### Records supplied

※ ※ ※

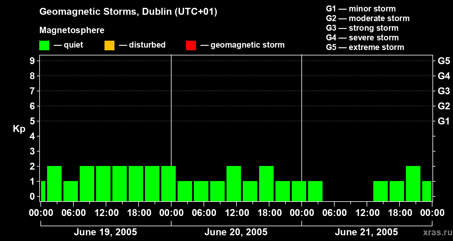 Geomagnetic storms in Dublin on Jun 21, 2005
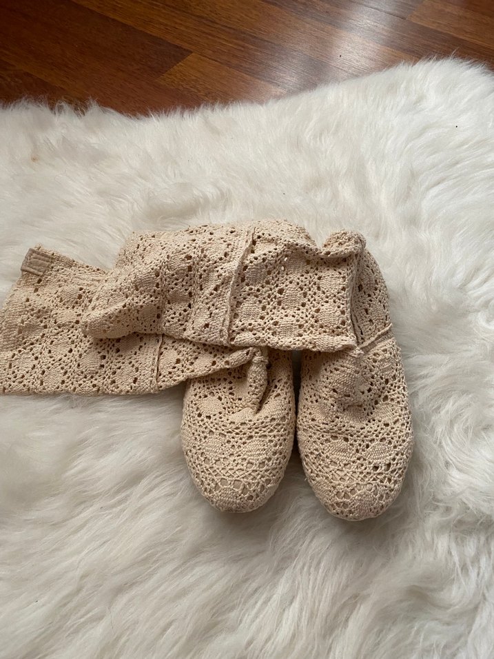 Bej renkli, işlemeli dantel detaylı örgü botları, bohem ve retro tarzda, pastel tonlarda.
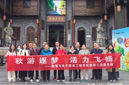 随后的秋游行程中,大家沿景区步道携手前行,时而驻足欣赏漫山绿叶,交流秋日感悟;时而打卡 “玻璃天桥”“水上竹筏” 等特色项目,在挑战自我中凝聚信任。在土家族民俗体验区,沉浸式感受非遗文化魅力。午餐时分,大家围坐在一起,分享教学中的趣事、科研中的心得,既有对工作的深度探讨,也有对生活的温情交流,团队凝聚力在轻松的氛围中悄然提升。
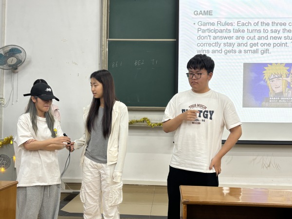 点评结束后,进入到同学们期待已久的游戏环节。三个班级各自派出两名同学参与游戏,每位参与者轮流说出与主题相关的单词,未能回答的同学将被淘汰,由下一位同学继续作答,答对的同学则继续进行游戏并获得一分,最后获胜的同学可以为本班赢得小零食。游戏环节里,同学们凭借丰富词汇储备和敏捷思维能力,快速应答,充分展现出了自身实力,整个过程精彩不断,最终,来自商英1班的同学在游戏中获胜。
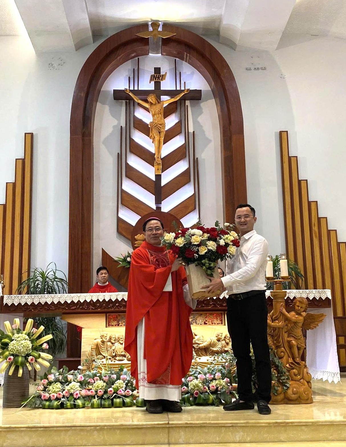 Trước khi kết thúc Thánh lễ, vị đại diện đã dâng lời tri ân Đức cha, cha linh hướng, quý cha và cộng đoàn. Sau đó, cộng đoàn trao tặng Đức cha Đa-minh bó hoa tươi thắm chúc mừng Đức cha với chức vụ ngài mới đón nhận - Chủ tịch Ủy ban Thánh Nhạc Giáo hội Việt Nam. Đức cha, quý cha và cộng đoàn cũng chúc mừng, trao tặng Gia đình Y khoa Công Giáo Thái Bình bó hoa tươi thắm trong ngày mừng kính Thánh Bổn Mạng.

※ ※ ※

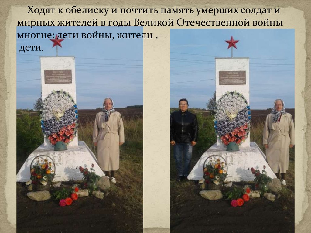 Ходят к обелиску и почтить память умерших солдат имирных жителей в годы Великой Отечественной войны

※ ※ ※

### What to do
Repeat only the stretch of data above that runs from the line with "Geomagnetic storms in Dublin on Jun 21, 2005" to the line with "点评结束后,进入到同学们期待". Keep both end lines; exclude pictures.

### Result
 Geomagnetic storms in Dublin on Jun 21, 2005
 Bej renkli, işlemeli dantel detaylı örgü botları, bohem ve retro tarzda, pastel tonlarda.
 随后的秋游行程中,大家沿景区步道携手前行,时而驻足欣赏漫山绿叶,交流秋日感悟;时而打卡 “玻璃天桥”“水上竹筏” 等特色项目,在挑战自我中凝聚信任。在土家族民俗体验区,沉浸式感受非遗文化魅力。午餐时分,大家围坐在一起,分享教学中的趣事、科研中的心得,既有对工作的深度探讨,也有对生活的温情交流,团队凝聚力在轻松的氛围中悄然提升。
 点评结束后,进入到同学们期待已久的游戏环节。三个班级各自派出两名同学参与游戏,每位参与者轮流说出与主题相关的单词,未能回答的同学将被淘汰,由下一位同学继续作答,答对的同学则继续进行游戏并获得一分,最后获胜的同学可以为本班赢得小零食。游戏环节里,同学们凭借丰富词汇储备和敏捷思维能力,快速应答,充分展现出了自身实力,整个过程精彩不断,最终,来自商英1班的同学在游戏中获胜。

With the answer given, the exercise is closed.